DATA FOR THE TASK below:
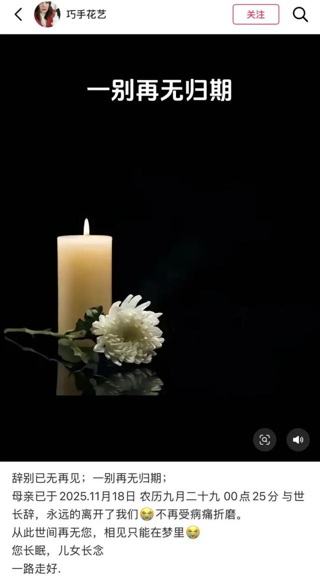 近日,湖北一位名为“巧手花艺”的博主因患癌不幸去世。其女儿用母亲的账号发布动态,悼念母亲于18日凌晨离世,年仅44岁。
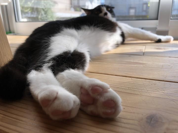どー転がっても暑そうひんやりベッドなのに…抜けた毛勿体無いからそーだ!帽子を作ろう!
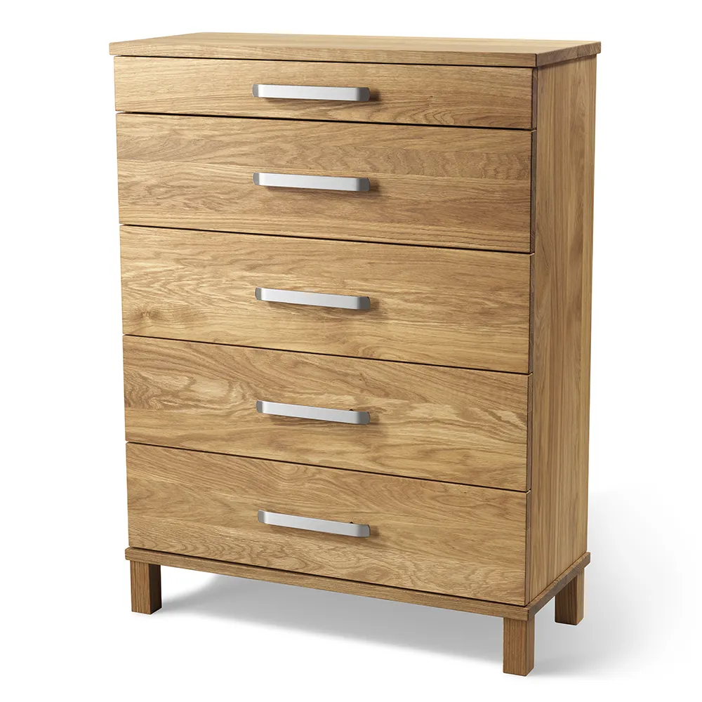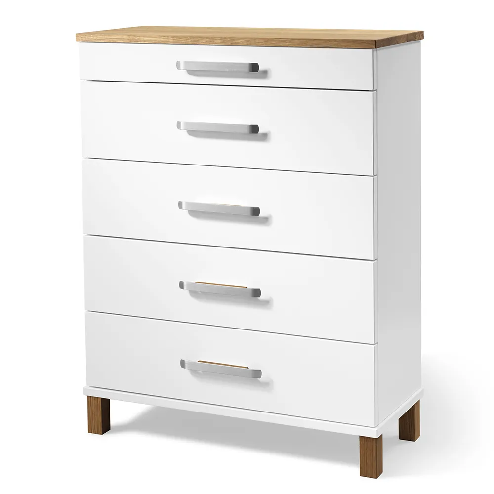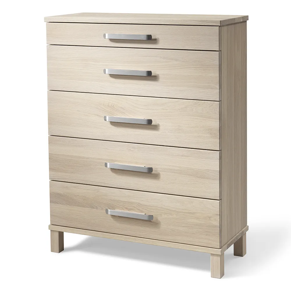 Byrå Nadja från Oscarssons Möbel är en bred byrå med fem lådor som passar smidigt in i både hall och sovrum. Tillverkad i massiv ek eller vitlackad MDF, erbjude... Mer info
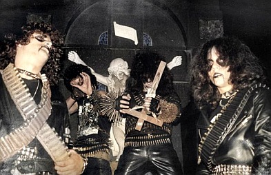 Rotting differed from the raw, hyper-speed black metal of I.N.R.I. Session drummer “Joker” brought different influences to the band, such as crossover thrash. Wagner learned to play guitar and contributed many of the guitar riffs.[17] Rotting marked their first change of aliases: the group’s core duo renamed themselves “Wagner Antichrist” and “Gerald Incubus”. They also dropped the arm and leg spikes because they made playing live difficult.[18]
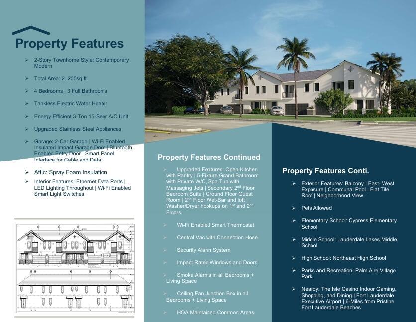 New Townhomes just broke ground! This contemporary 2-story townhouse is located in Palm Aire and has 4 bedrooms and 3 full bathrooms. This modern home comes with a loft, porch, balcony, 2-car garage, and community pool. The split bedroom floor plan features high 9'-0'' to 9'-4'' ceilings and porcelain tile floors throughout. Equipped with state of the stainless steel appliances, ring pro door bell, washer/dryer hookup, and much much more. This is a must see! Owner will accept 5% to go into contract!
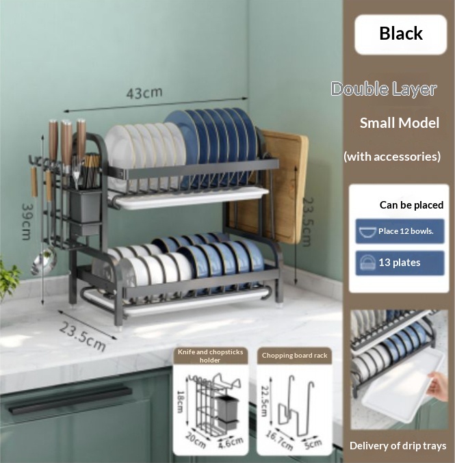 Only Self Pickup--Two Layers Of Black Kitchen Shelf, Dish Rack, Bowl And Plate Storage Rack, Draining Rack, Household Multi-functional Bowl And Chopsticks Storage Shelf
End of DATA FOR THE TASK.
DATA FOR THE TASK below:
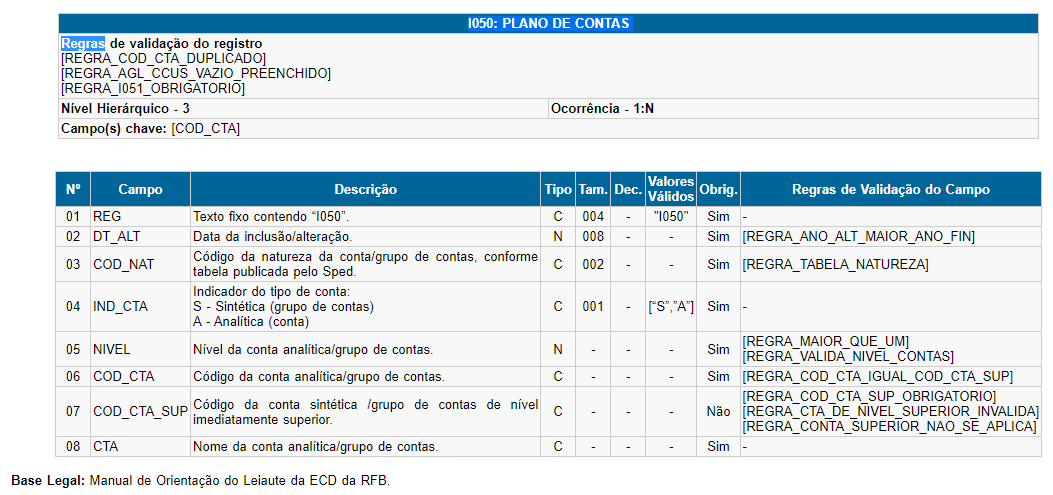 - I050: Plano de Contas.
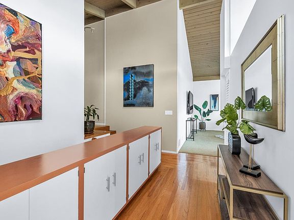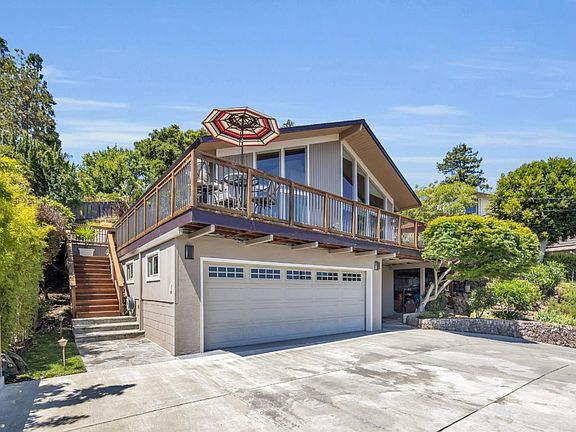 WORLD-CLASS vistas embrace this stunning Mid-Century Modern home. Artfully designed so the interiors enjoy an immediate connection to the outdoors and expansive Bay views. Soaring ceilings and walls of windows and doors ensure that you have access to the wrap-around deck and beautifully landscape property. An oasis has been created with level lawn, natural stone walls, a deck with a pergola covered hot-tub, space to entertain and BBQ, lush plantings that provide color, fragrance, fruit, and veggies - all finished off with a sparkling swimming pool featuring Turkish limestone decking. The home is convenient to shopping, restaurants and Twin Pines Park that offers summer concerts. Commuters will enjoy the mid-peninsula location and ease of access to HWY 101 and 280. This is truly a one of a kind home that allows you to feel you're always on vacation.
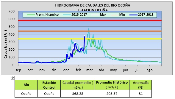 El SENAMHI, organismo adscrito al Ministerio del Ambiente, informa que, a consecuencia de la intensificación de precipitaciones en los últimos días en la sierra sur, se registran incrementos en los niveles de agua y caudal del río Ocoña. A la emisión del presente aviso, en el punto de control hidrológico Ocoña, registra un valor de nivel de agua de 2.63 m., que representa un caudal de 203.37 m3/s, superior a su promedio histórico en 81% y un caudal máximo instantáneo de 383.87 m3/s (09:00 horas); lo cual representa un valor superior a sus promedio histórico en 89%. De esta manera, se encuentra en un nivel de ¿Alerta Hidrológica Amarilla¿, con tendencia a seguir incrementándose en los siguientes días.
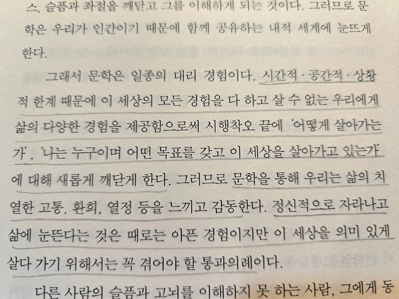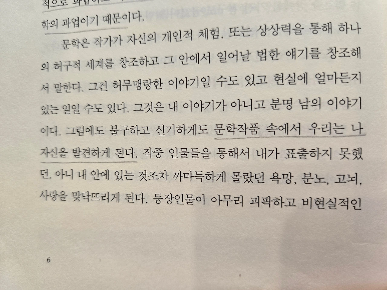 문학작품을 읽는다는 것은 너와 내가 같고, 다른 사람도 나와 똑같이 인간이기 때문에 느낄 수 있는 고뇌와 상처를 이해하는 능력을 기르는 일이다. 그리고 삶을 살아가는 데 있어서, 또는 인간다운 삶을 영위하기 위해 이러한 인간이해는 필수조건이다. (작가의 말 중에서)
End of DATA FOR THE TASK.
• **DIRECTIONS FOR THIS TASK**: All lines above starting at the one with "- I050: Plano de Contas." and ending at the one with "WORLD-CLASS vistas embrace", inclusive, are to be printed again exactly, with the pictures left out.

• **EXERCISE OUTPUT**:
 - I050: Plano de Contas.
 WORLD-CLASS vistas embrace this stunning Mid-Century Modern home. Artfully designed so the interiors enjoy an immediate connection to the outdoors and expansive Bay views. Soaring ceilings and walls of windows and doors ensure that you have access to the wrap-around deck and beautifully landscape property. An oasis has been created with level lawn, natural stone walls, a deck with a pergola covered hot-tub, space to entertain and BBQ, lush plantings that provide color, fragrance, fruit, and veggies - all finished off with a sparkling swimming pool featuring Turkish limestone decking. The home is convenient to shopping, restaurants and Twin Pines Park that offers summer concerts. Commuters will enjoy the mid-peninsula location and ease of access to HWY 101 and 280. This is truly a one of a kind home that allows you to feel you're always on vacation.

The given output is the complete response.